Florida unveils online tool to weigh colleges on salary and student debt
The Florida Board of Governors launched an online tool this month to help students choose a major at one of the state’s 12 public universities. The tool, MyFloridaFuture, was mandated in last year’s legislative session by House Bill 1261, which also protected universities from liability lawsuits related to COVID-19, offered tuition in the state to the grandchildren of Floridians and “buy one, get one”. free tuition on select STEM courses. [Source: Tampa Bay Times]
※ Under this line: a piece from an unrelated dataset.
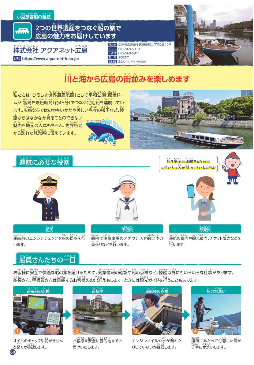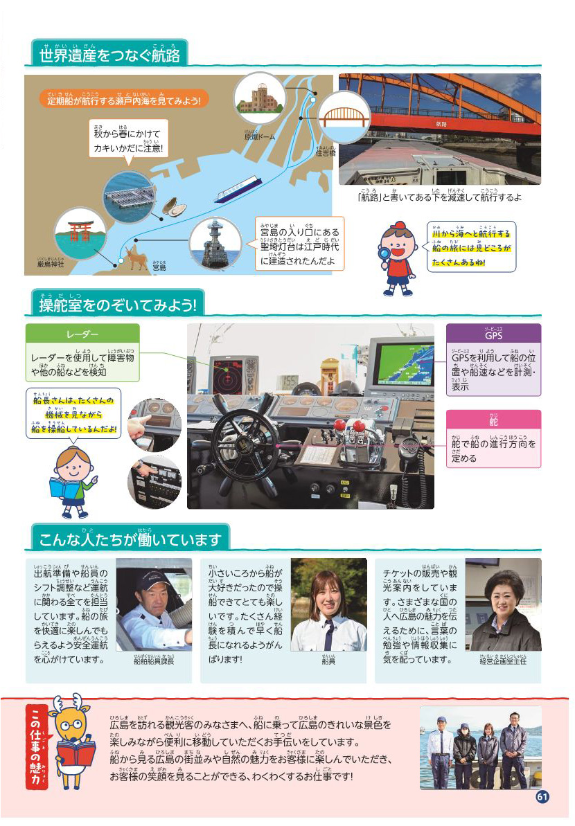 おしごと本は、子どもたちへの教育の場において、 地域ならではの産業や事業、仕事の魅力を伝え、地域愛を育んでいく地域学習などに活用してもらえるよう、広島都市圏エリア(広島市、廿日市市、府中町、海田町、坂町、熊野町)の小学校5年生を対象に無償で配布されている本です。瀬戸内海の資源活用や環境への興味、また水都ひろしまに密着した仕事として、弊社事業だけでなく運航事業に興味を持ってくれる子供が一人でも多く増えることを願っています。

Omicron has only exacerbated the teacher shortage across the state of Florida. So how are schools doing?
Hundreds of teachers are calling in sick every day across Florida districts as the highly contagious variant of Omicron continues to spread. The absences only exacerbate a decades-long teacher shortage spurred by low salaries, teacher advocates say. In 2019, a year before the pandemic, Florida had more than 5,000 teaching positions open. [Source: WMFE]
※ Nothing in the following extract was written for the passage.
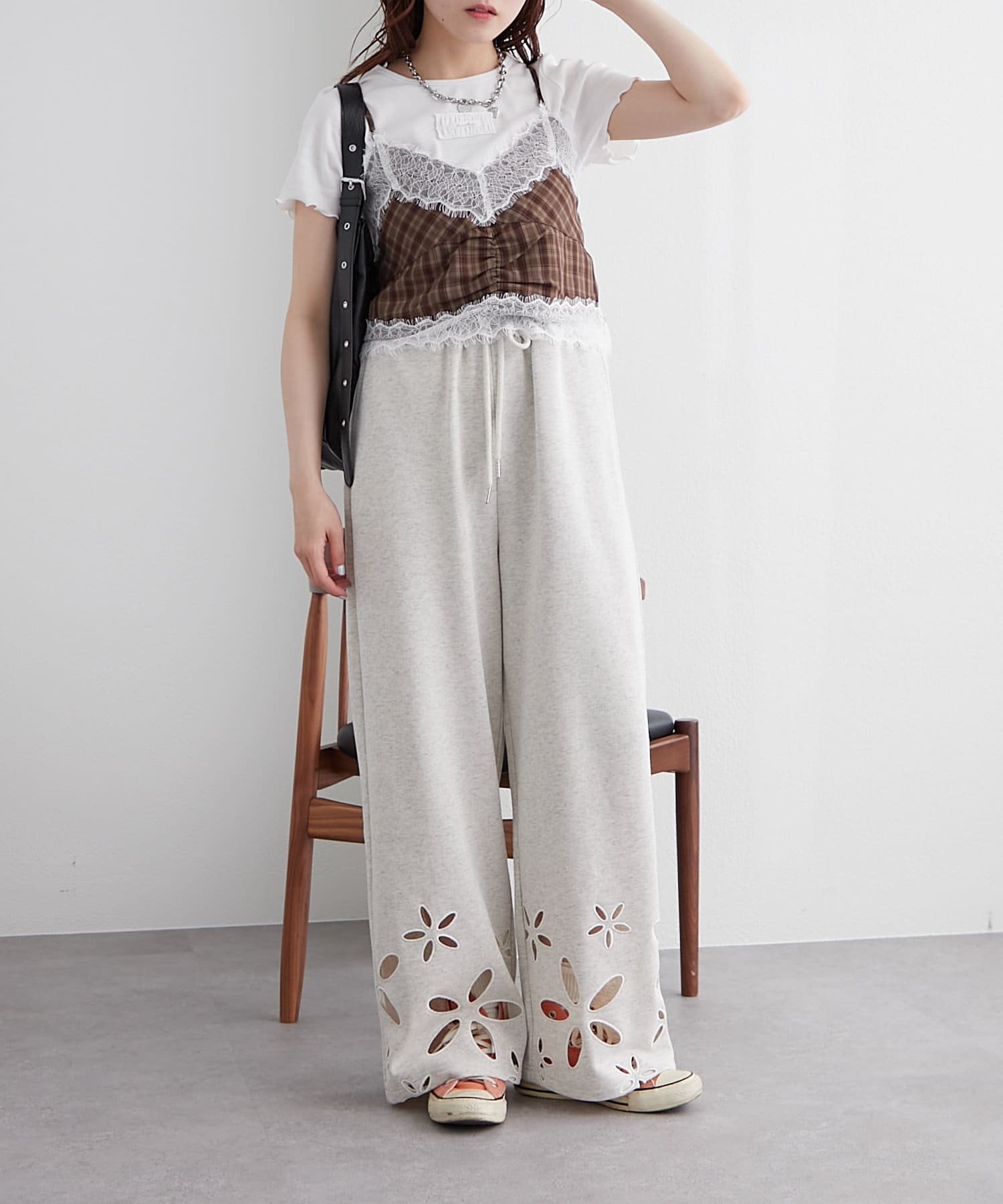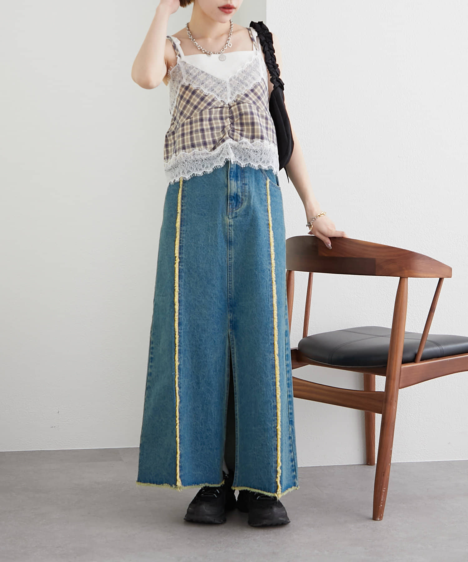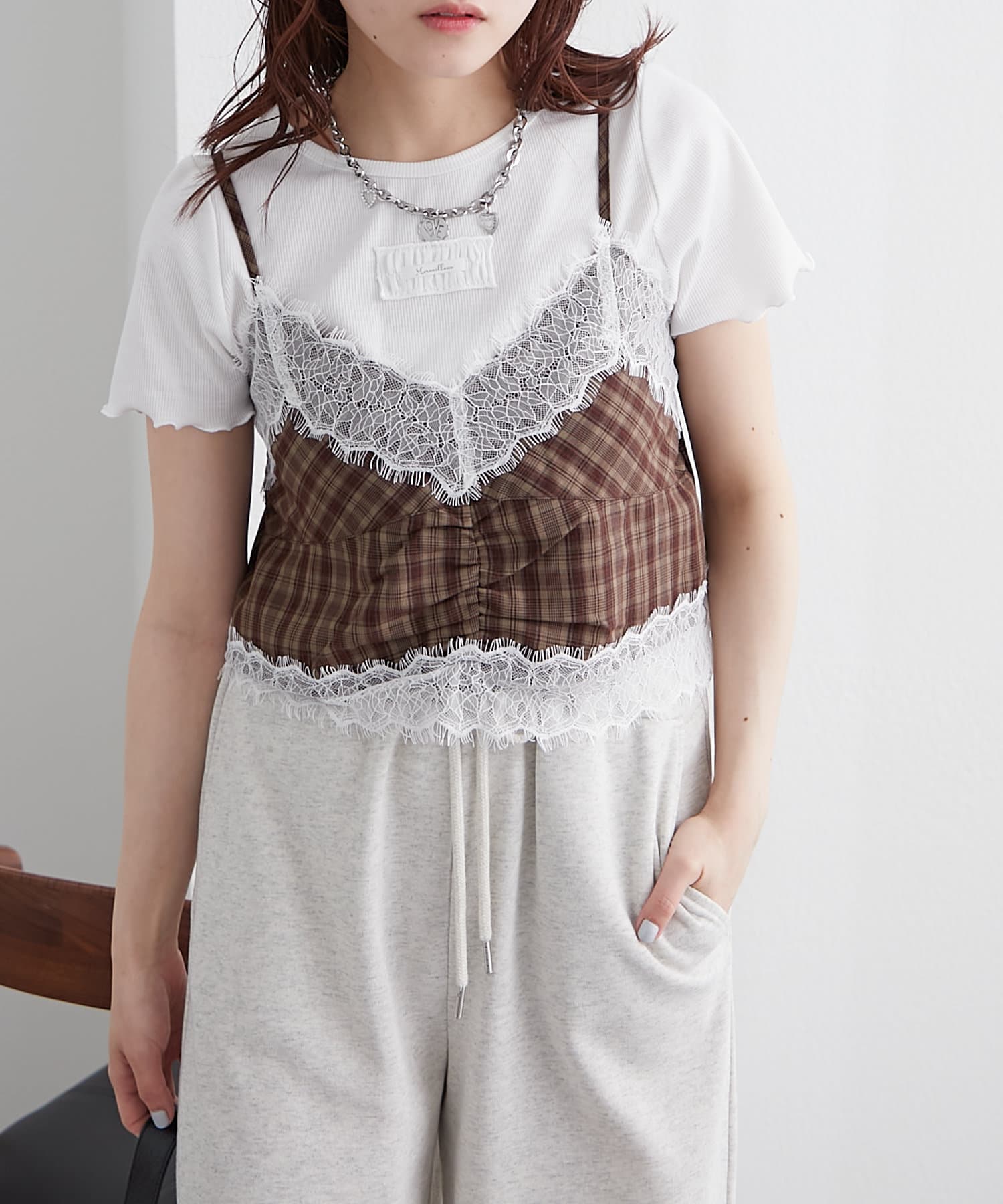 • w closet(ダブルクローゼット) チェックレースキャミ

Commentary: Florida education scandal reveals strife, grabbing for taxpayers’ money
Over the holidays, a scandal has emerged at the highest level of Florida’s education system – now a head of state wants to bury. Two top officials, including a former chairman of the State Board of Education, tried to secure a $1.8 million contract with the very division they helped run — a blatant conflict of interest. Both have resigned. And the governor’s office is now suggesting that should be the end of the story, allowing the warring parties to slip away after being taken. [Source: Orlando Sentinel]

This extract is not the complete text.